Tashka looked slantwise at him over her bowl of wine. She gave a soft evil snigger, he shivered and grinned nervously at her. It was the kind of laugh that always accompanied outrageous dares: to sneak off from tidying up their kit and race frogs on the river bank, to take the pegs from her brother's lover's guy-ropes so it would collapse on them, to give the eye to a General on formal parade. "Oh my dear," she said in that husky familiar voice. "I want much more than that. I have come to ask Tenth Sietter stand behind my brother."

"el Maien, you are mad!" he cried anxiously. "The Generals have given us expressed orders from van Sietter. We cannot disobey."

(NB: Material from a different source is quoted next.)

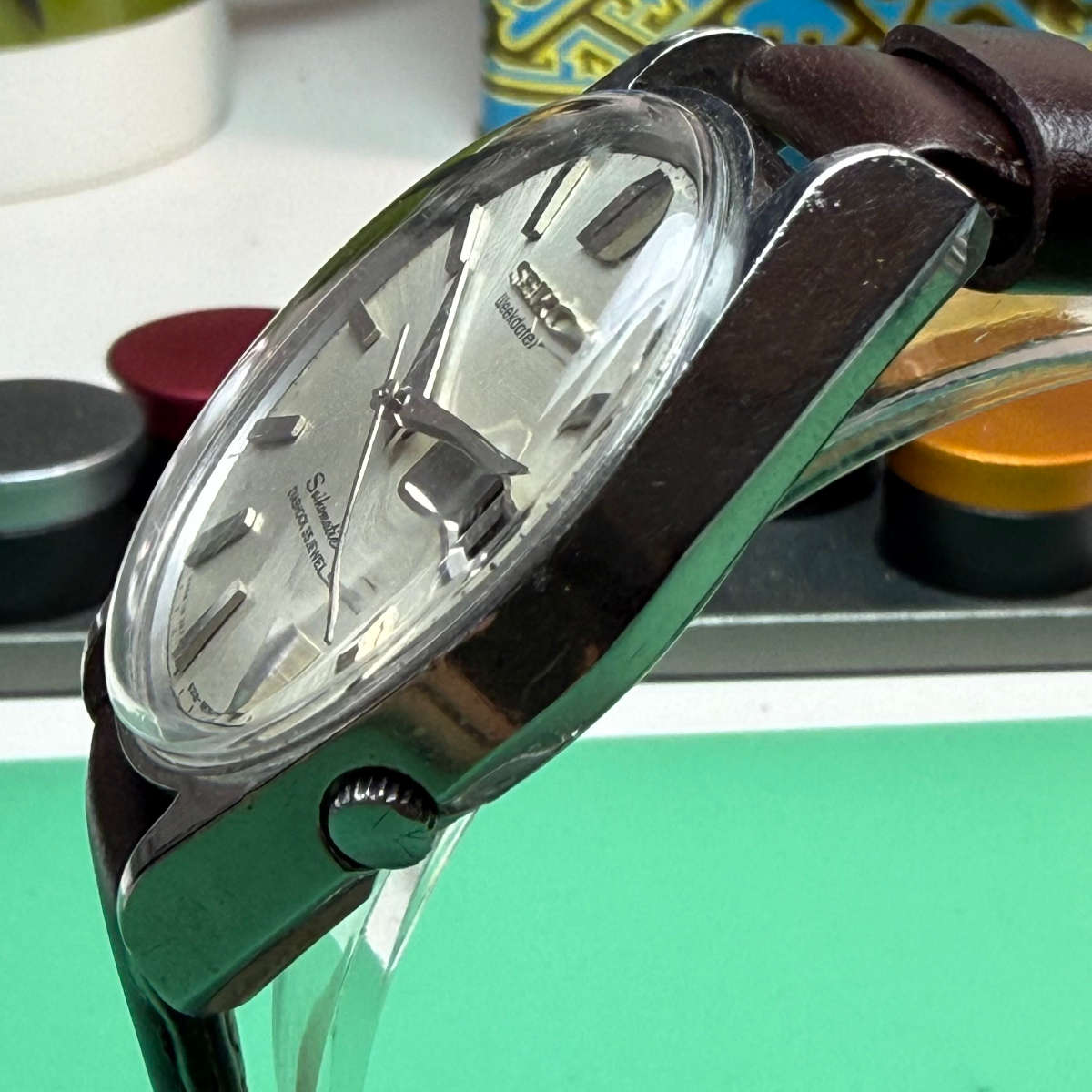 Dans les sixties, Seiko savait construire des montres d’une qualité redoutable à des prix accessibles. Le calibre 6218, flagship de la gamme Seikomatic à sa sortie en 1964, est directement ancêtre des premiers Grand Seiko automatiques Hub City Vintage — un sacré pedigree. D’ailleurs, un coup d’œil rapide et on jure voir un Grand Seiko : même vocabulaire de design, index anguleux, aiguilles bistouri. Tout ça sans le prix qui va avec.

"And if I have brought you orders from Commander-Lord Clair el Maien van Sietter? Does your vow to his fingers mean nothing to you? Is his banner now some rag you have blown your nose on and chucked aside in a dirty drain in the street?"

Vaie half-started to his feet. "I'll never forswear my vow to the Commander!" he growled, his face suddenly tense with rage and his fingers going to the gloves in his belt.

Tashka laughed. "Exactly so," she said drily.

"No! Tashka! It is not like that. We have sworn to the Generals' fingers. Hear me, el Maien. I have no wish to cross the Commander, or yourself. But el Gaiel van H'las is another matter and the Commander's Lady wife has been making trouble running with merchants. Hell! I cannot but obey my orders, you know it."

"You may have sworn to the Generals' fingers," Tashka said quietly. "Your Captains and Lieutenants and your men have sworn to you. You have sworn another allegiance, to take them as your care, your honour and your victory. I tell it you, Vaie, if you follow your vow to the Generals, you will cross your vow to your men. You will stain your honour and theirs and show that they are not your care."

Dar burst out laughing. "el Maien," he said, leaning forward to softly punch Tashka's shoulder and shaking his head. "How well I remember that persuasive way of yours - your sweet eyes looking clearly into mine, just so! And before I know it I am up before Captain-Lord el Jien waiting to hear what my punishment is to be, while you get off free as a bird! Do you remember that time we got through the First Quarter sentries and untied Captain-Sir Vashin's guy-ropes but your brother caught us at it! I have never been able to look at a tub of dishes without wanting to run away since."

Tashka laughed too, a quick spurt of amusement from the side of her curved rose-petal mouth that she could not help, although she knew it was a mistake. It was so important that she convince Dar Vaie but seeing him brought back such merry memories.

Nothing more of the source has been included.